Just Passing Through
Suquamish and Duwamish Indians occupied at least 17 villages in the general area of today's Pioneer Square. They named the vicinity Zechalalitch, "the place to pass over," because it offered a convenient route between the mouth of the Duwamps (Duwamish) River and Lake Washington on the east.
British explorer Capt. George Vancouver observed but did not note the Elliott Bay shoreline in 1792, and the area was not surveyed until a U.S. Navy expedition under the command of Charles Wilkes arrived in 1841. He named Elliott Bay for a member of his crew and sketched a shoreline of steep wooded slopes descending toward a level peninsula, Piner's Point, nearly surrounded by shallow tide flats.
King County's first permanent white settlers arrived in mid-September 1851 and staked Donation Claims to the fertile delta and shores of the Duwamish. Soon after, three scouts arrived from a party of settlers waiting in Portland. They staked a claim on West Seattle's Alki Beach, and a total of 24 men, women, and children led by Arthur A. Denny (1822-1903) assembled there on November 13, 1851. They were soon joined by David S. "Doc" Maynard, a physician and merchant who was urged to relocate north by Chief Seattle.
Deciding to Stay
Although Charles Terry (1830-1867) established a "New York" store at Alki and found San Francisco customers for the area's timber, most of the Denny Party decided to relocate. After sounding Elliott Bay, Arthur Denny, Carson Boren (1824-1912), and William Bell (1817-1887) decided it was better suited as a harbor for a future city. They filed claims on its narrow beach and ridges on February 14, 1852, while Maynard claimed Piner's Point and the mud flats to the south and east.

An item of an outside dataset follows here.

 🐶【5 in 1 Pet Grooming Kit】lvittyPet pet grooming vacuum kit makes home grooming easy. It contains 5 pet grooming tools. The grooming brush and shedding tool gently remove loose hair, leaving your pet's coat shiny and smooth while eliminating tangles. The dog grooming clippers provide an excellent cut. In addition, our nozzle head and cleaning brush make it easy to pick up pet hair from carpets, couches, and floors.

Carson Boren's younger sister Louisa (1827-1918) is credited with starting construction of the future town's first cabin at 2nd Avenue and Cherry Street in the spring of 1852. Doc Maynard built a second cabin at S Main Street and 1st Avenue S and established a general store, "The Seattle Exchange." Maynard also convinced his neighbors to rename their settlement, then called Duwamps, to honor Chief Seattle, and he used his political influence to have the Oregon Territorial Legislature name Seattle the seat of a new King County in December 1852.

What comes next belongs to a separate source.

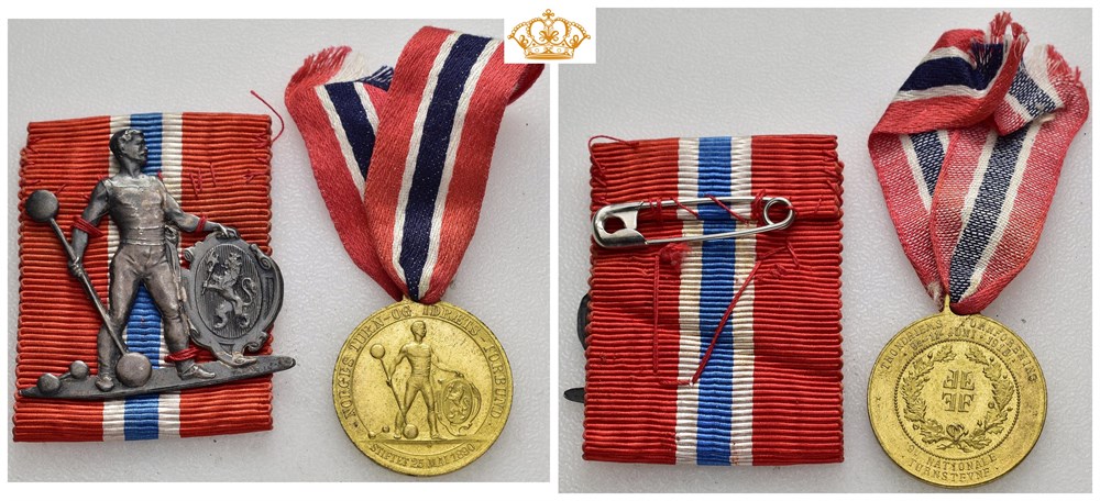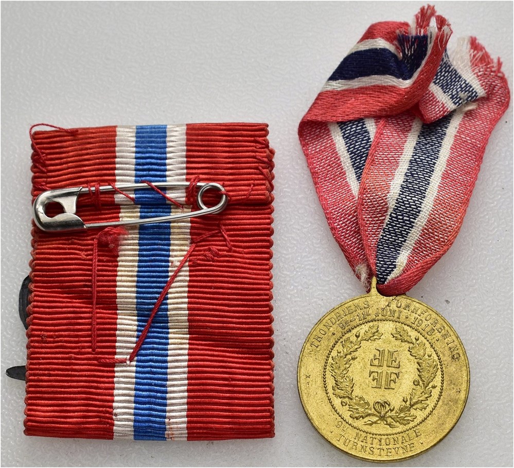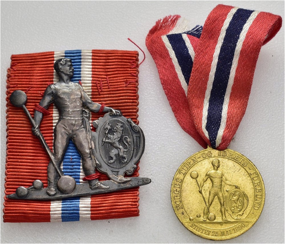 Det Norske Turn- og Gymnastikkforbund. Ensidig merke 37x36 mm i sølv og Trondhjems turnforening 1918. Forgylt bronse 24 mm m/h og bånd. Lott 2 medaljer

Seattle's early success was guaranteed in 1852 when Henry Yesler (1810-1892) chose the village as the site of Puget Sound's first steam-powered lumber mill (in exchange for generous chunks of the settler's claims). He built his mill on a pier at the foot of today's Yesler Way, first called Mill Street and later nicknamed "Skid Road." Henry and Sarah Yesler built their first home at 2nd Avenue and James Street, and he erected a crude aqueduct system of elevated log troughs to transport water from ridge-top springs to the growing village below.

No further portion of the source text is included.